This was possible because, until today, the world's most influential energy modeling agency had not produced a scenario actually aligned with the full ambition of the Paris Agreement goals. That's true no longer.
Now, after years of pressure from climate advocates, investors, businesses, and diplomats, the IEA has finally released its first ever fully-fledged energy scenario aligned with the urgent goal of limiting global warming to 1.5 degrees Celsius (°C). As with past IEA modeling efforts, this new scenario needs some fixes (more on that below), and we're still analyzing all of its implications. But one conclusion in particular stands out to us at Oil Change International (OCI).
In its Summary for Policymakers, in a bolded headline, the IEA finds that, "There is no need for investment in new fossil fuel supply in our net zero pathway."
They add, "Beyond projects already committed as of 2021, there are no new oil and gas fields approved for development in our pathway, and no new coal mines or mine extensions are required."
This is huge. An agency that has consistently boosted new oil and gas development in its flagship annual World Energy Outlook (WEO) is now backing up the global call to stop the expansion of fossil fuel extraction.
The Oil and Gas Industry Has Lost a Powerful Shield
Big Oil and Gas companies and the governments of fossil fuel-producing countries have lost one of their key covers for claiming that developing new oil and gas reserves is fully consistent with their commitments to "net zero" or the Paris Agreement. People around the world who have been demanding that governments, banks, and other financial institutions stop enabling the expansion of oil, gas, and coal extraction can point to the IEA's "authoritative" analysis reaching the same conclusion.
Of course, the IEA is behind the curve. OCI has been analyzing the disconnect between new fossil fuel development and the Paris goals since 2016. We found then that already operating or under construction oil and gas fields and coal mines contain enough fossil fuel reserves to push the world well beyond 1.5 degrees of warming. The implication was as clear then as it is now: The world must stop digging new holes, and focus instead on managing a rapid and equitable wind down of already developed extraction.

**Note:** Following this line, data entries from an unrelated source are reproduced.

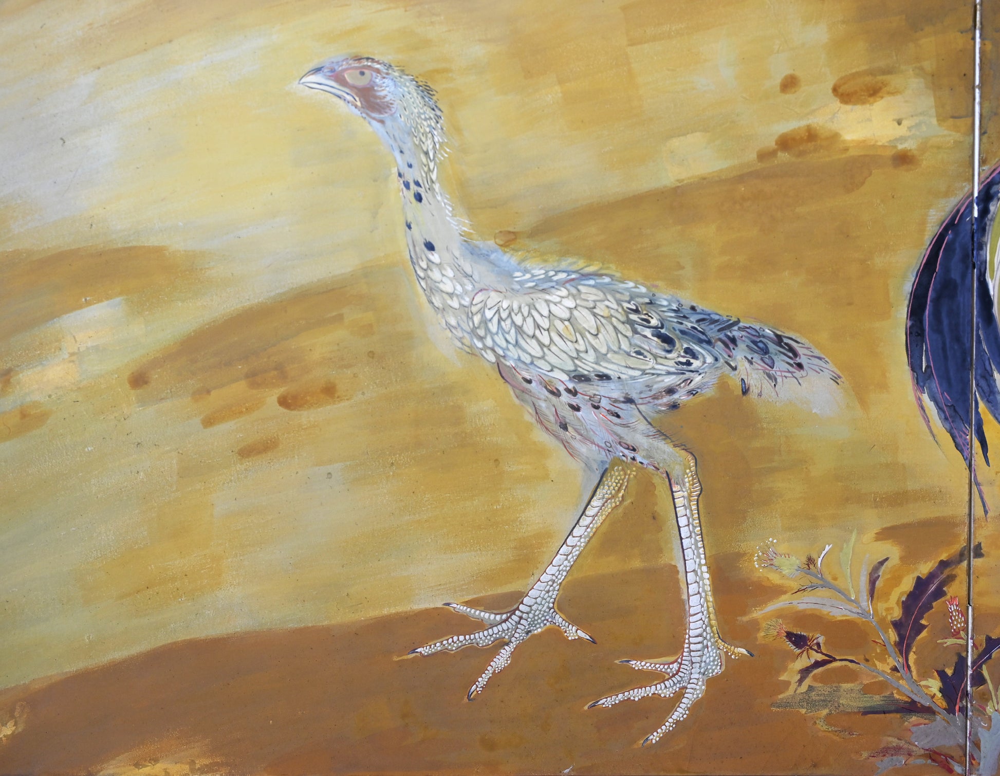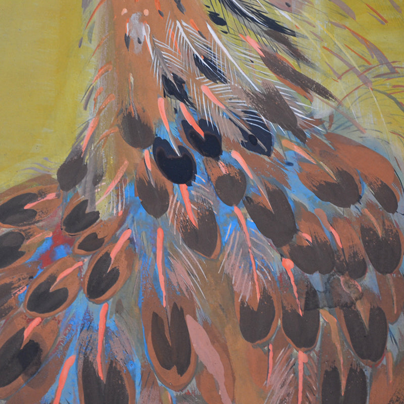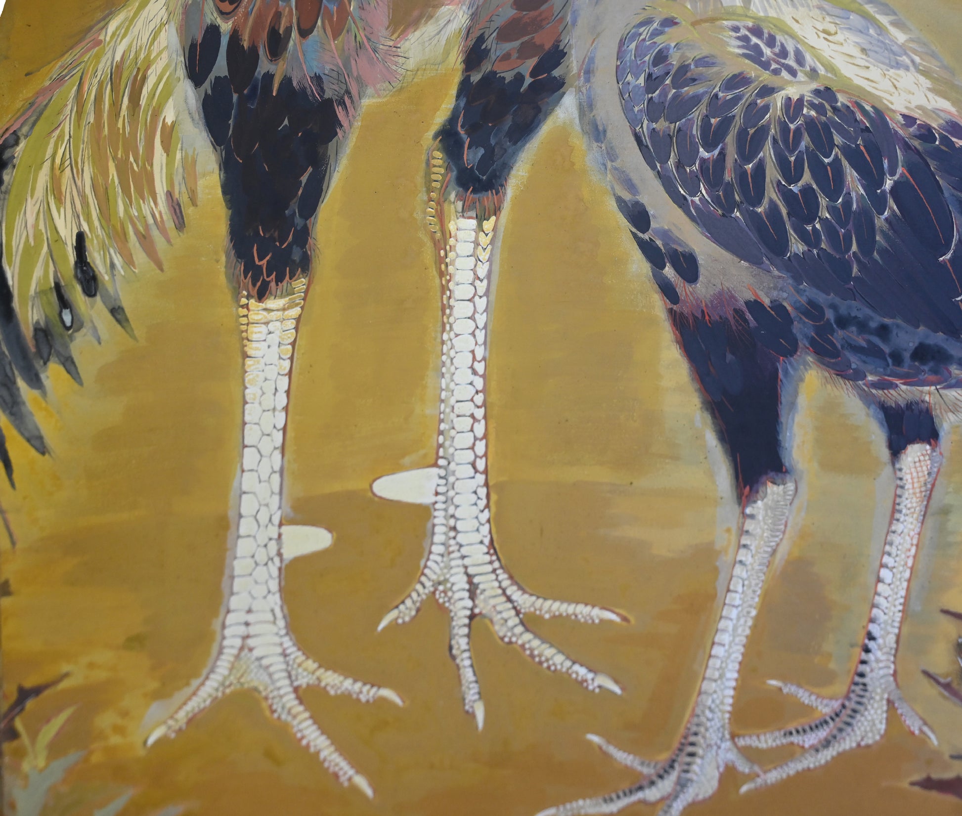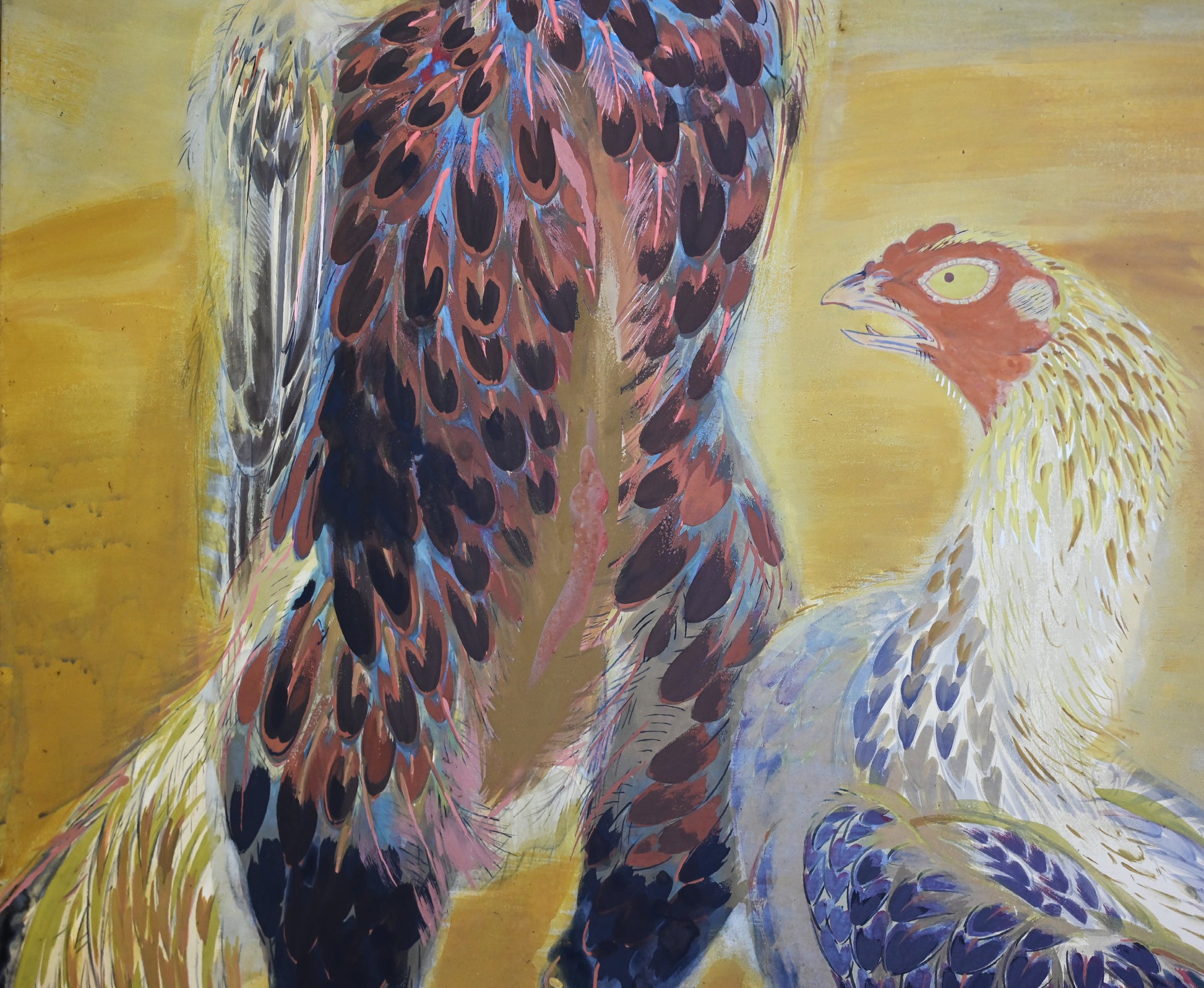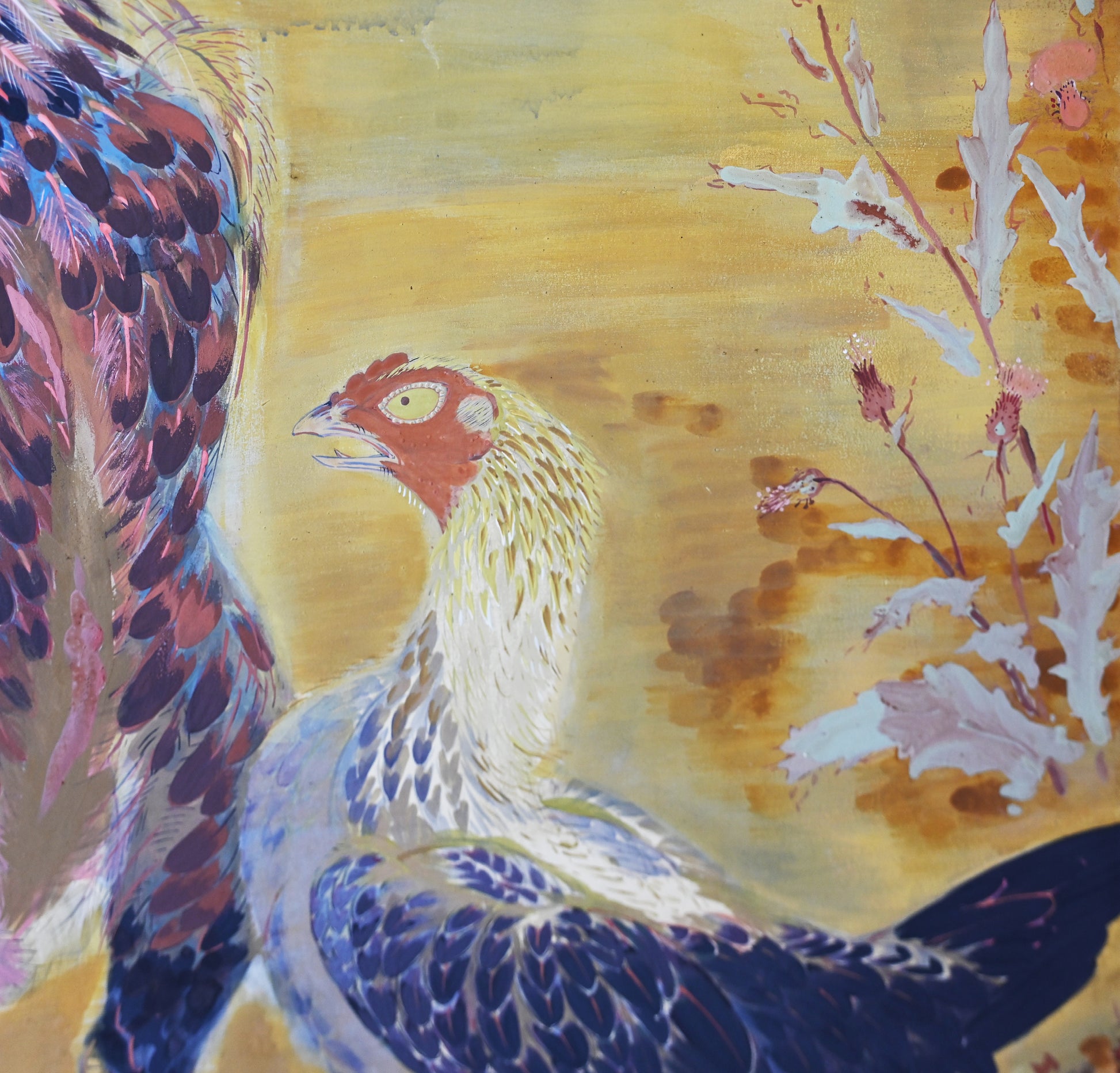 村嶋酉一作「闘鶏図」。1932年の帝展出品です。サイズは187×187cm、勇ましい闘鶏3羽を描いた作品で、保存状態は良好です。闘鶏の目や脚は立体的に彩色されており、間近で見るととても迫力があります。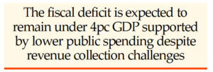 The fiscal deficit is expected to remain under 4per cent of GDP, supported by lower public spending despite revenue collection challenges.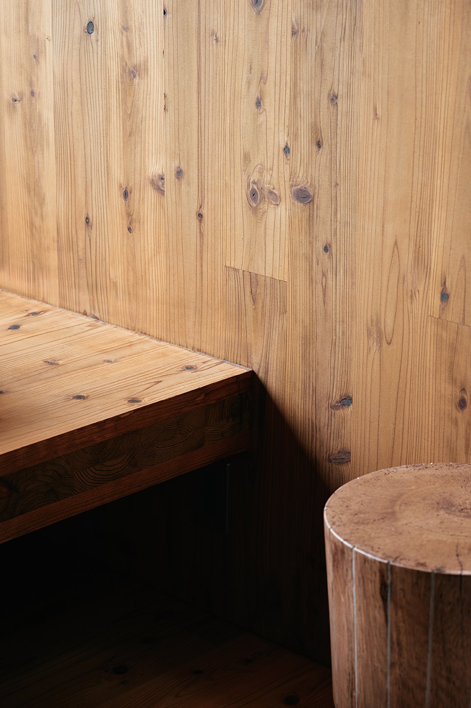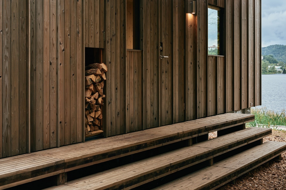 设计以“户外生活”为核心。与其鼓励人们停留在封闭的庇护之中,小屋更支持一种向外延展的生活方式。一个可从户外直接进入的小型桑拿房在山间寒意中提供温暖,而周围的台阶、壁炉则构成聚会与休憩的户外场所。建筑在此作为一处安静的锚点,提供足够的舒适与安全感,使人们愿意在自然中久留。
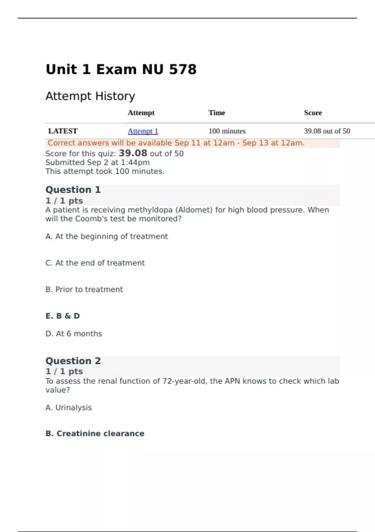 Correct answers will be available Sep 11 at 12am - Sep 13 at 12am.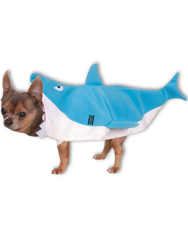 Turn your furry friend into a ferocious fear monger with this Shark Pet Costume. This costume is styled as a blue shark jumpsuit with 3D dorsal fin and tail and has a soft fleece feel so your pup is comfortable. The jumpsuit fastens under your dogs belly.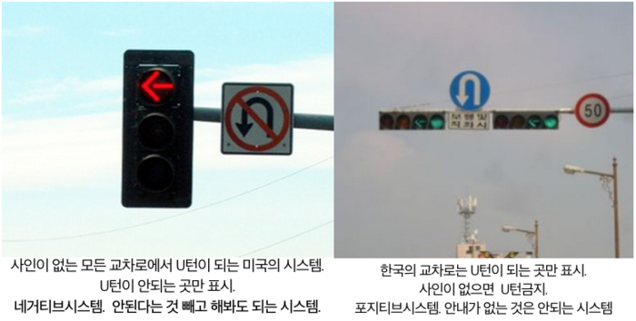 미국의 도로에서는 아무 교차로에서나 유턴을 할 수 있도록 되어 있다. 유턴을 할 수 없는 곳에만 금지표시가 되어 있다. 규제시스템도 비슷하다. 안되는 것(Negative)만 표시해놓고 규제대상으로 표시되어 있지 않은 것은 자유롭게 해봐도 되는 시스템이다. 그렇기 때문에 규제를 아랑곳하지 않고 새로운 분야에서 도전을 하는 기업이 많이 나온다.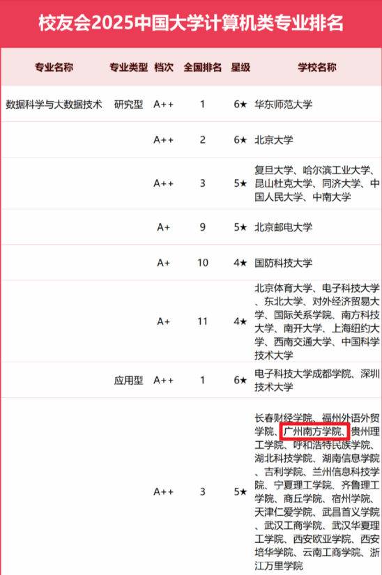 全国第三方大学评价机构艾瑞深校友会网发布的专业排名榜单上,williamhill中文大放异彩。多个专业凭借过硬的实力和突出的表现,获得了极高的评级。其中,电子与信息科学技术(A++)计算机科学与技术(A++)、电气工程及其自动化(A+)三个专业荣膺六星级应用型专业,与国内顶尖院校同类专业并肩,位居全国前列。另外,软件工程(A)、数据科学与大数据技术(A+)专业获评五星级应用型专业,展现出学院在专业建设方面的雄厚底蕴与强劲实力。这不仅是对学院专业办学水平的高度认可,更是学院多年来深耕教育、创新发展的有力见证。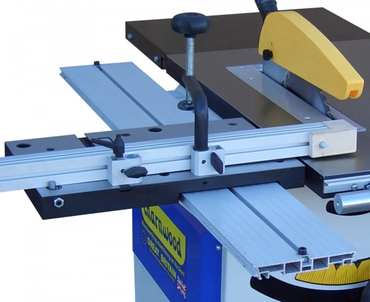 On the left hand side of the saw is the sliding crosscut carriage. The table is also made from cast iron and precision ground thus allowing for a durable flat surface. The table also runs on four sealed for life bearings along an aluminium guide track. The fence itself can be locked at any angle from 90 to 45 degrees and a positive stop allows the fence returns back to the 90 degree position. A work clamp also ensures timber stays locked in position during the cut. A flip-over length stop to allow for accurate repeat cutting completes the carriage assembly.
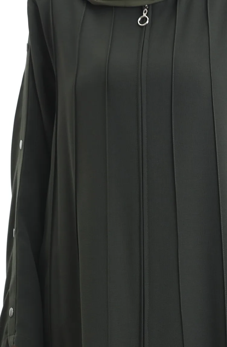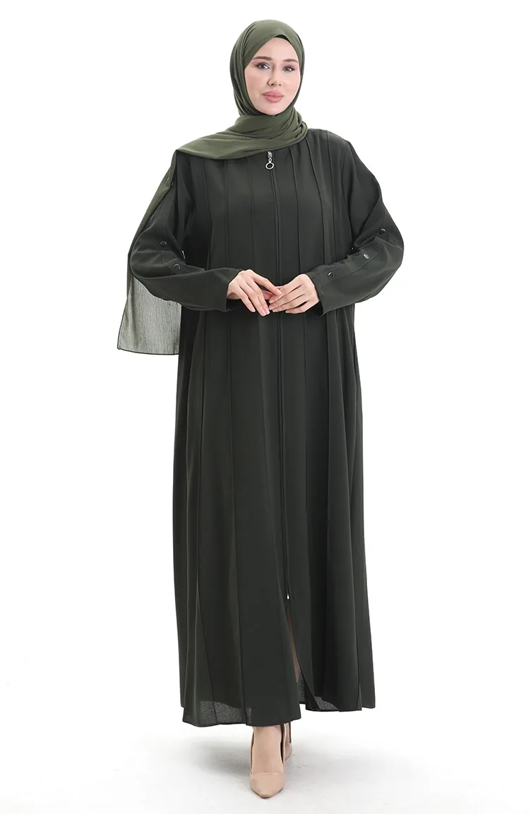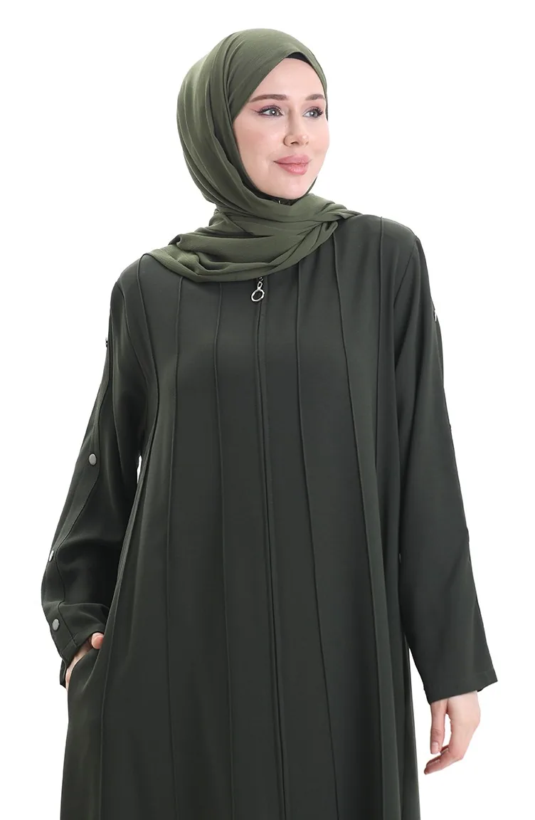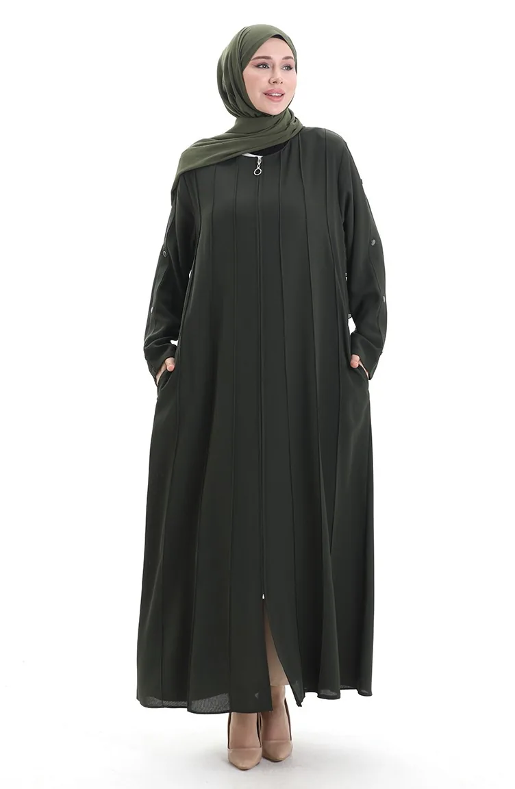 Plus Size Abaya Met Rits En Naaiwerk 6177-08 Khaki 6177-08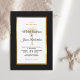 Invite your guests to help you celebrate your special day with this elegant invitation featuring modern script, black and gold text including an artistic palm tree and metallic gold foil frame on the front of the card. A black background is on the front and back.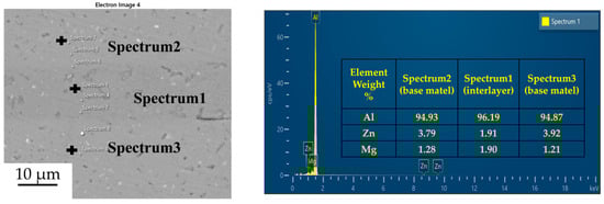 The LSS test specimen is shown in Figure 1. A UTM 5504X electronic universal testing machine (SUNSTEST Inc., Shenzhen, China) was used for the non-standard LSS test. The test speed is 1 mm/min. No anti-bending fixture was used because the lap length is only 1.4 mm, which was determined through prior experiments to guarantee fracture in the overlap area. For each experimental condition, a minimum of three valid replicates were tested. After tensile testing, the LSS specimens were ultrasonically cleaned in an acetone solution. The fracture surface was then examined using a Regulus 8220 (Hitachi High-Tech Corporation, Tokyo, Japan) scanning electron microscope (SEM). Meanwhile, the interface of the joint was scanned by point and line using an energy dispersive spectrometer (EDS) to analyze element diffusion at the interface between the base material and the intermediate layer.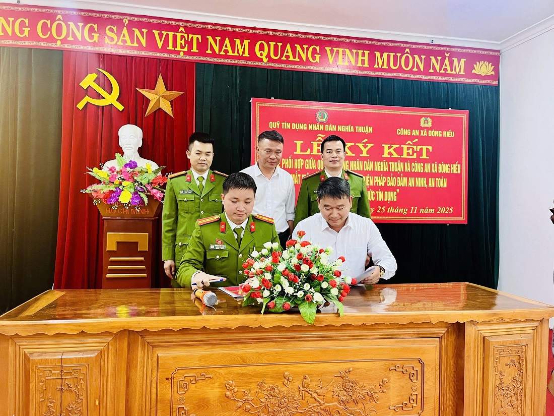 (Congan.nghean.gov.vn)-Nhằm tăng cường công tác phối hợp trong bảo đảm an ninh, an toàn hoạt động tín dụng, chiều 25/11, Quỹ Tín dụng nhân dân Nghĩa Thuận và Công an xã Đông Hiếu tổ chức Lễ ký kết Quy chế phối hợp giữa hai đơn vị và ra mắt mô hình “Triển khai các biện pháp bảo đảm an ninh, an toàn trong các tổ chức tín dụng”.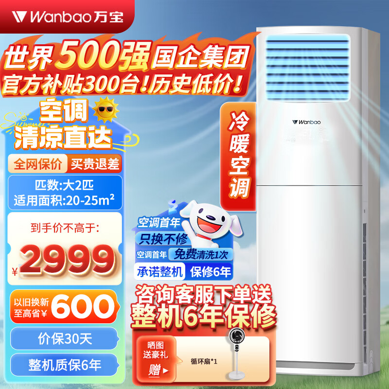 万宝(Wanbao)定频冷暖空调柜机 客厅卧室急速冷暖立柜式2匹空调大风量 KFR-52LW/WB2-N5 含基础安装价格:2999.00元!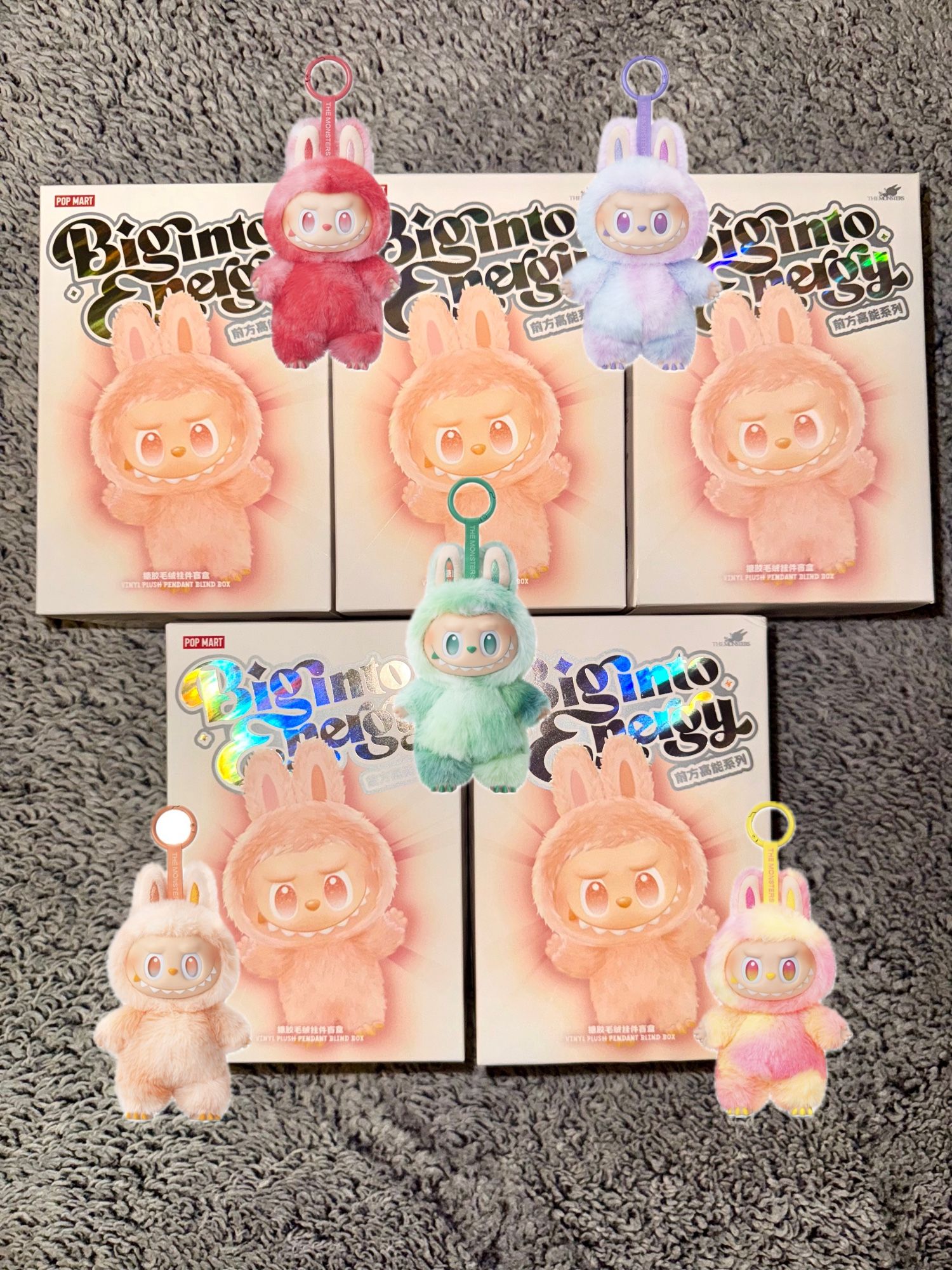 Big into Energy Labubu confirmed blind boxes bought directly from Pop Mart. 100% Authentic. Luck, Loyalty, Serenity, Love and Happiness available. Secret ID available as well.

With the IEA's fully Paris-aligned scenario now saying the same, companies like Shell and Total can no longer comfortably point to the IEA to defend their plans to expand gas extraction. The UK government, which helped commission this new IEA report, will have a tougher time claiming that its decision to keep the door open to new licenses for offshore exploration and extraction fits with its Paris commitment. In fact, IEA director Dr. Fatih Birol has already today confronted the UK over its continued support for oil, gas, and coal expansion and investment. And major fossil banks like JPMorgan Chase and Citi have a new minimum baseline for "stress testing" their portfolios and the legitimacy of their net zero plans.
A Job Half Done: The IEA Must Put 1.5°C at the Heart of the WEO
The IEA finally embracing a 1.5°C-aligned pathway as "the energy future we all need" is a major milestone. But the IEA must do much more beyond today's report to prove its climate credibility and commitment, particularly given the agency is positioning itself to play an advisory role at COP26.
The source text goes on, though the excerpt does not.